*WHAT YOU SHOULD DO*
The answer is to be the lines below that lie between the line holding "- Powerful Odor" and the line holding "6年生の「円の面積」の授業は", inclusive, transcribed exactly and free of pictures.

*THE RECORDS*
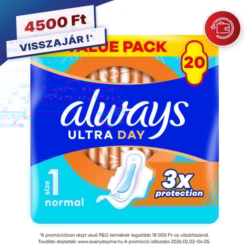 „Ne érd be kevesebbel, válaszd a 3x-os védelmet nyújtó, 1-es méretű ALWAYS Ultra Day Normal szárnyas egészségügyi betétet! A nedvszívó és gyengéd fedőréteggel rendelkező Always betét InstantDry technológiájának köszönhetően másodpercek alatt felszívja a nedvességet, a LeakGuard és OdorLock technológia pedig segít megelőzni a szivárgást és a kellemetlen szagokat. Az egyedülálló ComfortLock szárnyakat úgy tervezték, hogy bármilyen típusú fehérneműhöz remekül illeszkedjenek. A fokozott éjszakai védelem érdekében próbáld ki a különböző méretekben kapható Always Night betétet! Az Always Ultra egészségügyi betétek a Skin Health Alliance bőrgyógyászati jóváhagyásával rendelkeznek.
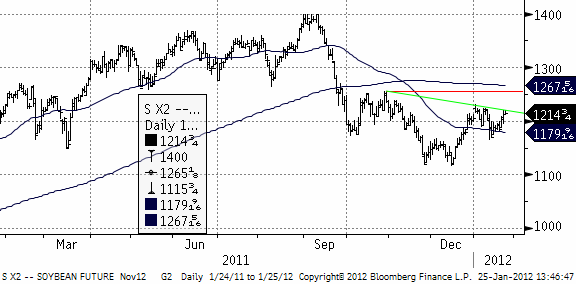 Om regnen kommer till Argentina som väntat vid månadsskiftet bör hektarskörden kunna stabiliseras. Det är snarare majsmarknaden som är svag än sojamarknaden som är stark. Det finns gott om tekniska motstånd på ovansidan och det är knappast troligt att en ny bullmarknad skulle orka ta sig rakt igenom dem.
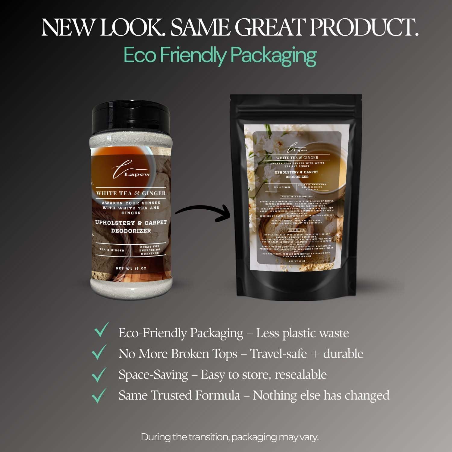 - Powerful Odor Eliminator for Strong Odors: Say goodbye to stubborn smells with the Lapew White Tea & Ginger Carpet Freshener Powder, specially formulated to tackle everyday room odors.
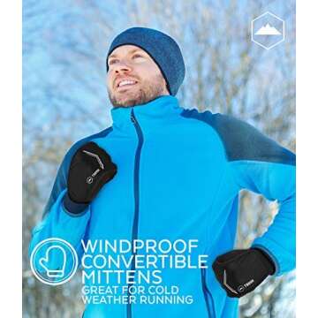 Tough Outdoors Running Mitten Gloves with Touch Screen - Winter Glove Liners with Convertible Mittens Cover for Texting
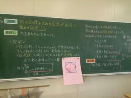 6年生の「円の面積」の授業はおとといに始まったばかりですが、本日早くも佳境を迎えました。
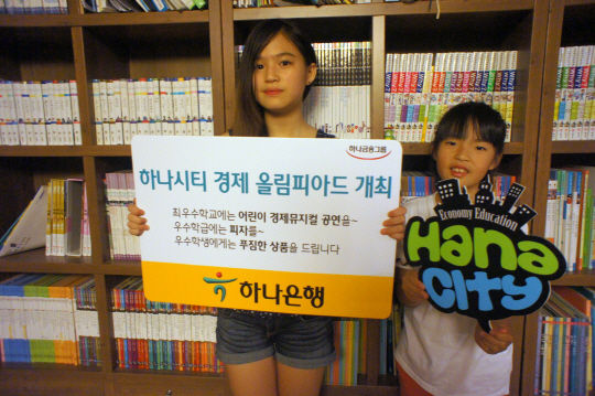 하나은행(은행장 김종준, www.hanabank.com) 은 26일 하나은행이 운영하고 있는 어린이 경제교육 사이트인 '하나시티'(www.hanacity.com)' 를 통해 초등학생 대상 경제 올림피아드를 다음달 17일까지 개최한다고 밝혔다.
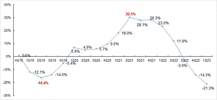 当前半导体正处于萧条周期。如下图所示。按销售额同比增长率的正负判断,本轮周期从2020年一季度进入上行周期,经过2021年的极度繁荣后,于2022年三季度进入下行周期。迄今整个周期已持续3.5年,其中上行10个季度,下行4个季度。按销售额同比增长率的曲线判断,本轮周期从2019年二季度开始上行,2021年二季度达到波峰;之后进入下行周期。迄今整个周期已持续4年多,其中上行9个季度,下行8个季度。有专家预测,当前或已达下行周期底部附近,有望回升。
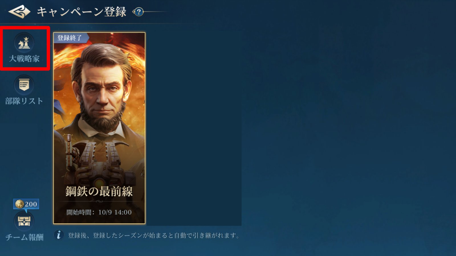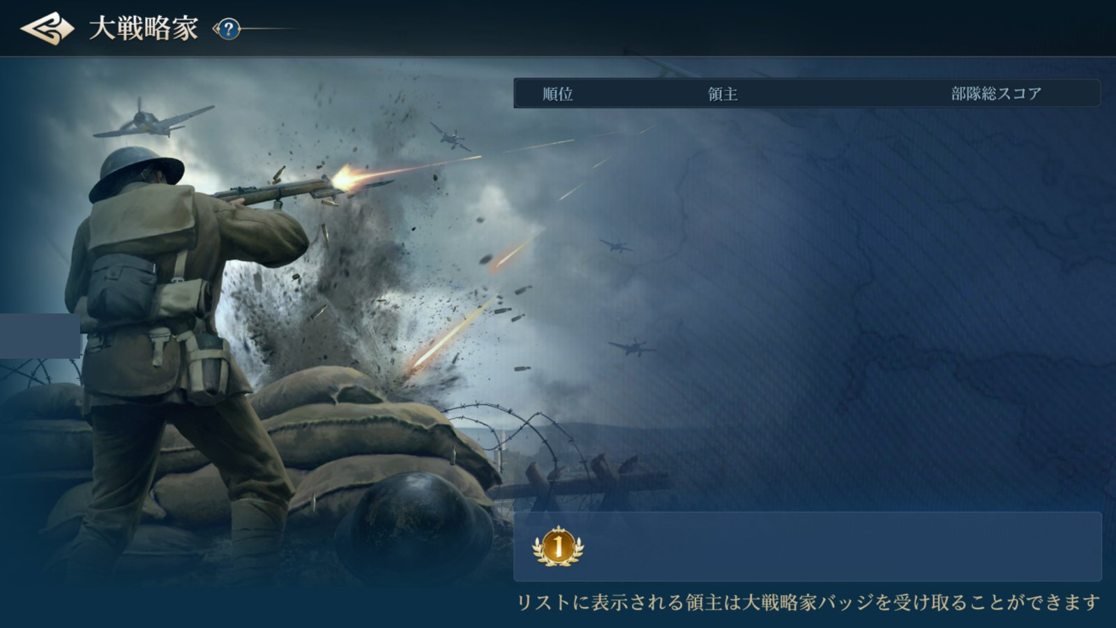 この2つの条件を満たすプレイヤーが大戦略家となる。グランドロビーのキャンペーン選択画面、「大戦略家」の項目から一覧で確認可能だ。
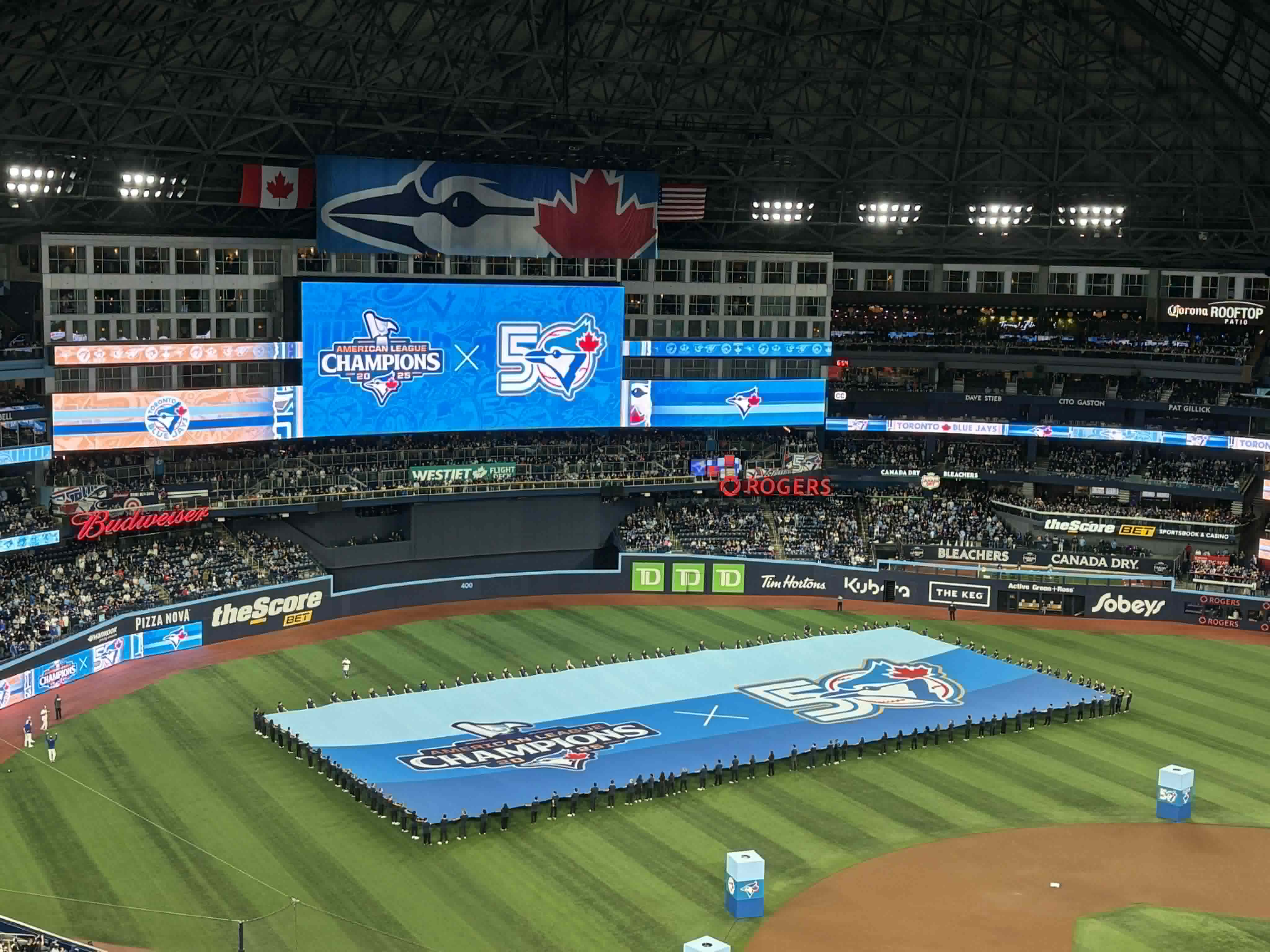 這次看的是本賽季的開幕賽,因為藍鳥去年在美國聯盟拿了冠軍跟國家聯盟冠軍道奇打了世界大賽,雖然最後輸了,早已點燃了大家的熱情,所以門票難搶又超爆貴,我們又剛好只卡了一個時間可以看,就算是最遠的Level 5票價一人也買到170加幣,聽在地人說最便宜只要20元@@

*SOLUTION TO THE EXERCISE*
 - Powerful Odor Eliminator for Strong Odors: Say goodbye to stubborn smells with the Lapew White Tea & Ginger Carpet Freshener Powder, specially formulated to tackle everyday room odors.
 Tough Outdoors Running Mitten Gloves with Touch Screen - Winter Glove Liners with Convertible Mittens Cover for Texting
 6年生の「円の面積」の授業はおとといに始まったばかりですが、本日早くも佳境を迎えました。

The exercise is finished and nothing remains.